*** Opening The data ***

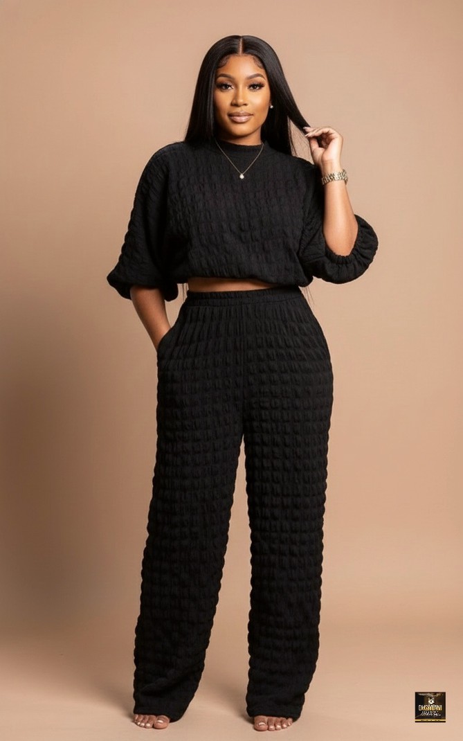 Elevate your casual wardrobe with this ultra-stylish and comfortable two-piece textured lounge set in a rich, earthy black color. The fabric features a distinctive puckered, quilted, or textured finish that adds depth and unique visual interest to the ensemble. The top is a relaxed cropped style with a classic mock neckline and features voluminous, puffed short sleeves that gather slightly at the cuff, offering a fashionable yet relaxed silhouette. The matching high-waisted pants have a comfortable elasticated waistband and fall into a chic wide-leg cut, ensuring unrestricted movement. Practicality is included with side seam pockets on the trousers. This monochromatic set is the definition of elevated comfort, perfect for effortless daytime wear, traveling, or cozy yet stylish weekends.
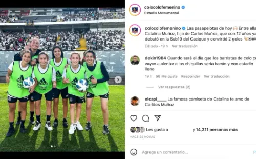 “Las pasapelotas de hoy. Entre ellas Catalina Muñoz, hija de Carlos Muñoz, que con 12 años ya debutó en la Sub 19 del Cacique y convirtió 2 goles”, escribió el Cacique en la cuenta del equipo femenino para festejar a su joven ariete.
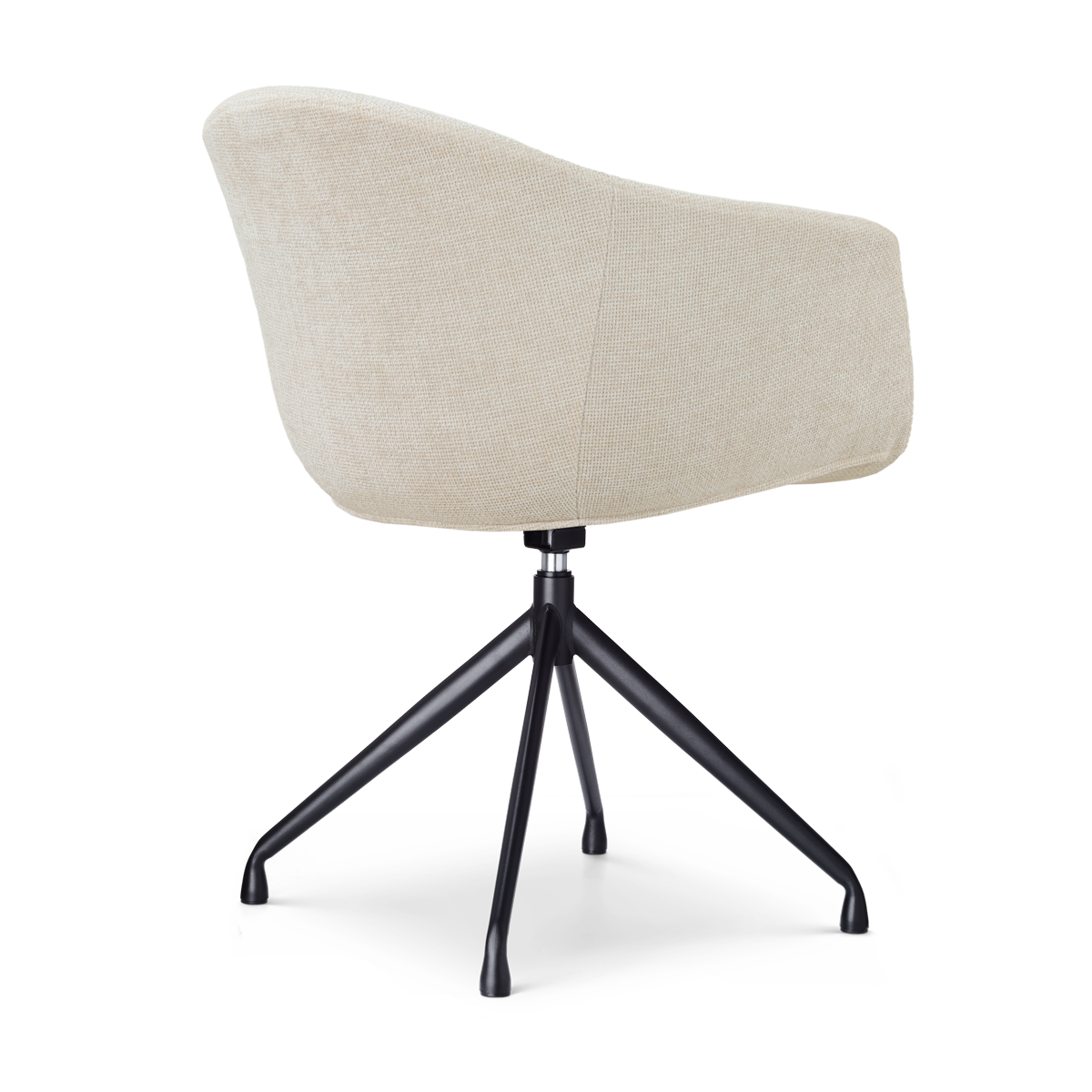 De warme beige stoffering van de Nola-Otis vormt een zachte, luxe uitstraling. Het draaibare witte onderstel maakt in- en uitstappen bijzonder eenvoudig en biedt extra flexibiliteit aan je eetkamer of bureau. De oplopende armleuningen en comfortabele zitting zorgen voor urenlang prettig zitcomfort.

*** Closing The data ***

[What to work on] Except for the pictures, print the data above exactly.

[Result]
 Elevate your casual wardrobe with this ultra-stylish and comfortable two-piece textured lounge set in a rich, earthy black color. The fabric features a distinctive puckered, quilted, or textured finish that adds depth and unique visual interest to the ensemble. The top is a relaxed cropped style with a classic mock neckline and features voluminous, puffed short sleeves that gather slightly at the cuff, offering a fashionable yet relaxed silhouette. The matching high-waisted pants have a comfortable elasticated waistband and fall into a chic wide-leg cut, ensuring unrestricted movement. Practicality is included with side seam pockets on the trousers. This monochromatic set is the definition of elevated comfort, perfect for effortless daytime wear, traveling, or cozy yet stylish weekends.
 “Las pasapelotas de hoy. Entre ellas Catalina Muñoz, hija de Carlos Muñoz, que con 12 años ya debutó en la Sub 19 del Cacique y convirtió 2 goles”, escribió el Cacique en la cuenta del equipo femenino para festejar a su joven ariete.
 De warme beige stoffering van de Nola-Otis vormt een zachte, luxe uitstraling. Het draaibare witte onderstel maakt in- en uitstappen bijzonder eenvoudig en biedt extra flexibiliteit aan je eetkamer of bureau. De oplopende armleuningen en comfortabele zitting zorgen voor urenlang prettig zitcomfort.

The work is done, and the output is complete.